Polipo2 RAM and disk usage

As with Polipo, Polipo2 does not have options to limit the maximum size of its disk cache. ​You could periodically purge from a separate process and then send SIGUSR2 (discard objects) to the running Polipo2, but if the machine is expected to stay up, it’s likely easier to run in RAM+swap (by setting diskCacheRoot="") and then the size can be constrained more accurately (defaults to 25% of RAM; see note on differences with Polipo below).

On the other hand, a non-expiring disk cache is a useful option if you wish to collect a corpus of material from a site as users browse it (without needing to run a ‘crawler’ which might annoy the site); Polipo2’s file format is quite easy for other programs to read. ​Obviously you’d have to respect the copyright on the resulting material.

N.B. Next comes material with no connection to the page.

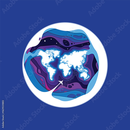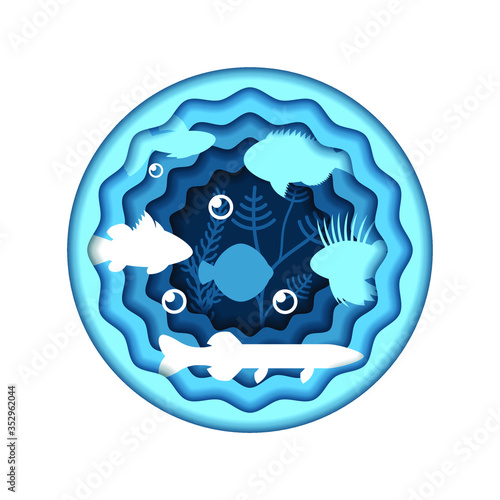 Векторная многослойная вырезанная из бумаги подводная морская пещера с водными растениями, экзотическими рыбами, медузами и коралловым рифом. Пейзаж океана или морского дна. Концепция красоты подводного мира в стиле бумажного искусства.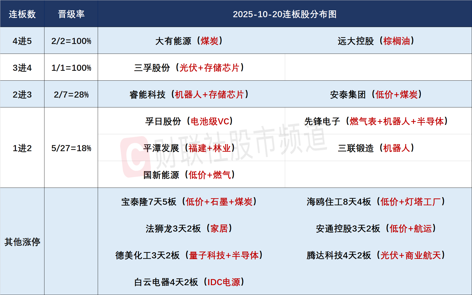 今日共76股涨停,连板股总数10只,其中三连板及以上个股5只,上一交易日共10只连板股,连板股晋级率50%(不含ST股、退市股)。个股方面,全市场超4000只个股上涨,近百股涨停或涨逾10%。连板股表现回暖,上个交易日三连板及以上个股全部晋级,远大控股、大有能源晋级5连板,继续向上拓展连板高度。此外,宝泰隆、德美化工、法狮龙等走出反包涨停。板块方面,寒潮概念表现活跃,煤炭、燃气、热电等细分涨幅居前,其中煤炭股大有能源11天7板、宝泰隆7天5板,燃气股国新能源5天4板;超硬材料概念午后大涨,北交所惠丰钻石30CM涨停,四方达20CM涨停,黄河旋风、恒盛能源涨停,力量钻石涨超10%。

Differences from the original Polipo

So far:

  1. If running in RAM only (diskCacheRoot=""), Polipo2’s chunkHighMark now defaults to 25% of the physical RAM even on machines above 96M (its default is not limited to 24M as it is when diskCacheRoot is set). objectHighMark defaults to 2048 objects for every 24M in chunkHighMark. You can still override these of course (remember chunkHighMark is in bytes).
  2. Polipo2 contains a little more “defensive code” to catch segmentation faults before they happen.
  3. Polipo2 does not upset your system administrator by having a home page that says “no longer maintained” in large letters at the top. ​If I come across additional problems, I intend to either fix them or (in the case of a security problem I can’t easily fix) remove or disable the offending functionality so Polipo2 stays ‘sysadmin-friendly’.